My name is Danny Rischin. I'm the Director of Medical Oncology at the Peter McCallum Cancer Center in Melbourne, Australia. I'm discussing today the poster on the adjuvant study of cemiplimab in high-risk CSCC.

CSCCs are common, and a great majority of patients are treated with surgery alone, or surgery and post-operative radiotherapy in the more advanced cases.

We have previous work, including a past study has demonstrated that there is a high-risk group that have a significant failure rate despite standard treatment. In this study, we're looking at these with adjuvant cemiplimab to see if this improves the outcome.

The cemiplimab has been shown in advanced patients, so, patients with metastatic disease or locally advanced disease not suitable for surgery or radiotherapy, to be a very effective treatment.

It's being approved in simplification in many jurisdictions, with a response rate in the 45% to 50% range of durable responses, hence the interest in determining if we move this drug into an earlier stage of disease patients with potentially curable but locally advanced disease, whether we can improve outcomes.

This phase 3 trial is addressing this question in a double-blind, placebo-controlled study of 412 patients over 100 sites across the world. The patients receive standard surgery and post-operative radiotherapy, and then they're randomized between cemiplimab and placebo. They receive cemiplimab or placebo for 12 months.

This study is currently accruing. The primary end point is disease-free survival.

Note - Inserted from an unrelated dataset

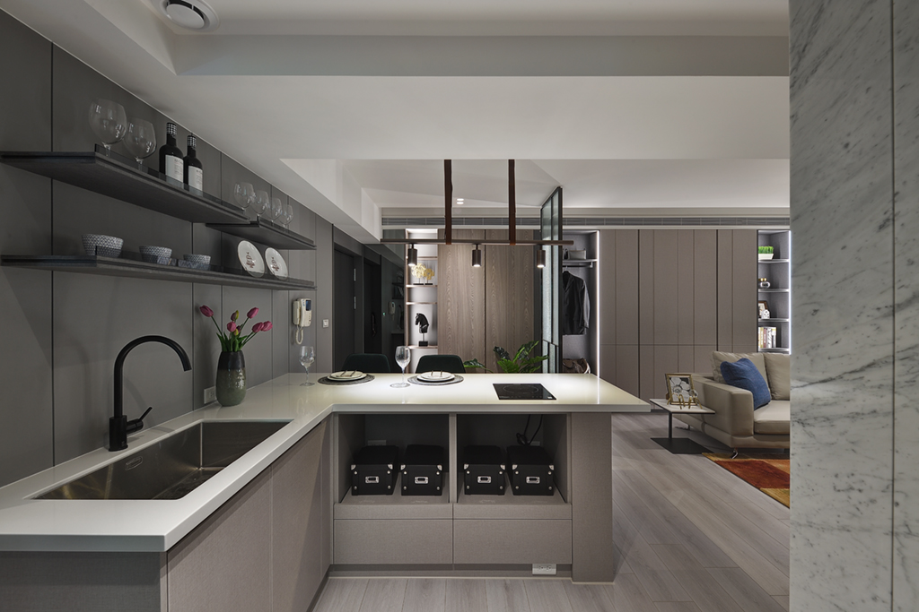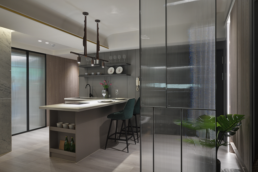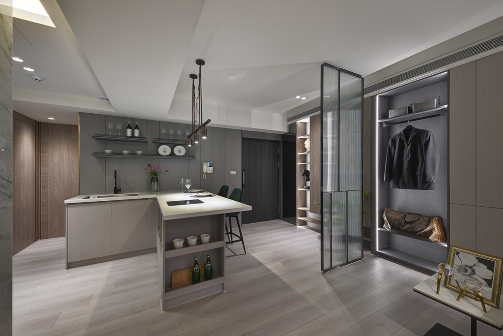 循著墨痕,一覽離生活最相近的景緻,只需以淺色清新妝點,便能勾勒藏於簡潔空間中的品味奢華。本案在開放式的空間格局間,運用格柵玻璃在視覺上區分不同場域,為生活展現寬敞舒適的樣貌之餘也界定機能空間感。

In summary, this phase 3 trial will determine whether the benefits in advanced disease translate to improvement in outcome of patients with locally advanced disease, as adjuvant treatment after surgery and radiotherapy for high-risk locally advanced CSCC.

 

Danny Rischin, MBBS, FRACP, MD, Peter McCallum Cancer Center in Melbourne, Australia, discusses the clinical importance of a phase 3 clinical trial evaluating the use of adjuvant cemiplimab in patients with high-risk cutaneous squamous cell carcinoma (CSCC).